**Work instruction:** Word for word, transcribe the data below from the line with "產(chǎn)品名稱(chē" to the line with "Two-dimensional cell cultures", keeping both of those lines.

**Information supplied:**
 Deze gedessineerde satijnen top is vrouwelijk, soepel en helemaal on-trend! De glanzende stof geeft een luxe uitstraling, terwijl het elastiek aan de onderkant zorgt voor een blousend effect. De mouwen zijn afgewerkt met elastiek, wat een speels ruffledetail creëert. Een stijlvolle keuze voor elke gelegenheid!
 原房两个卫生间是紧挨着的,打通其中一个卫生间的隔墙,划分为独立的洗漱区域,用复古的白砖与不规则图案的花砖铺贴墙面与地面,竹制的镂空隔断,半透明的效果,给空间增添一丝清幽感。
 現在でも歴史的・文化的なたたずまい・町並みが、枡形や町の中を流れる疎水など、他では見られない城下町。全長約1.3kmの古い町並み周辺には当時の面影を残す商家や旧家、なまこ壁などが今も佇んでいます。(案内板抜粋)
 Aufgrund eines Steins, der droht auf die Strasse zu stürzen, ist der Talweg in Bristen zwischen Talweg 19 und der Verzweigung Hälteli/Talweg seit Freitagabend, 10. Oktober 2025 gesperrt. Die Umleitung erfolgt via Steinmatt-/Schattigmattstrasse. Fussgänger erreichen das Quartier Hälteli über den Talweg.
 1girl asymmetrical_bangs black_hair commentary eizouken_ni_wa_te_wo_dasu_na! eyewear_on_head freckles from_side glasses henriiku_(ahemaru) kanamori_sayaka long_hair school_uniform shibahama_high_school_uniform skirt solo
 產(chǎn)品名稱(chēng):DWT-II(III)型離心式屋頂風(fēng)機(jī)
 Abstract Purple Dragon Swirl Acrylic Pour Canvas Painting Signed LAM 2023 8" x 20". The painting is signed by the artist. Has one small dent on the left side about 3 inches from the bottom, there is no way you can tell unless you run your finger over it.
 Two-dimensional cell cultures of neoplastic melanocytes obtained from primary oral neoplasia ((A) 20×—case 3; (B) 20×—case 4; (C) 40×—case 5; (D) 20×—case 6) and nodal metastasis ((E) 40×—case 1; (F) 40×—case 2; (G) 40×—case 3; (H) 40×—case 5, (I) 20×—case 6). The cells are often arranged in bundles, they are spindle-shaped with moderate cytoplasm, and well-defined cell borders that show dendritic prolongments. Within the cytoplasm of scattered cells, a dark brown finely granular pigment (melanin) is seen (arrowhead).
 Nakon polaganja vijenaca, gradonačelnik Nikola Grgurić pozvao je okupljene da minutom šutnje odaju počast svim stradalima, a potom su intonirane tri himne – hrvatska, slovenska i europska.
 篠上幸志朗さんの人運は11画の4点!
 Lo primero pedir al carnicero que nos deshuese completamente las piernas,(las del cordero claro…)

**Task solution:**
 產(chǎn)品名稱(chēng):DWT-II(III)型離心式屋頂風(fēng)機(jī)
 Abstract Purple Dragon Swirl Acrylic Pour Canvas Painting Signed LAM 2023 8" x 20". The painting is signed by the artist. Has one small dent on the left side about 3 inches from the bottom, there is no way you can tell unless you run your finger over it.
 Two-dimensional cell cultures of neoplastic melanocytes obtained from primary oral neoplasia ((A) 20×—case 3; (B) 20×—case 4; (C) 40×—case 5; (D) 20×—case 6) and nodal metastasis ((E) 40×—case 1; (F) 40×—case 2; (G) 40×—case 3; (H) 40×—case 5, (I) 20×—case 6). The cells are often arranged in bundles, they are spindle-shaped with moderate cytoplasm, and well-defined cell borders that show dendritic prolongments. Within the cytoplasm of scattered cells, a dark brown finely granular pigment (melanin) is seen (arrowhead).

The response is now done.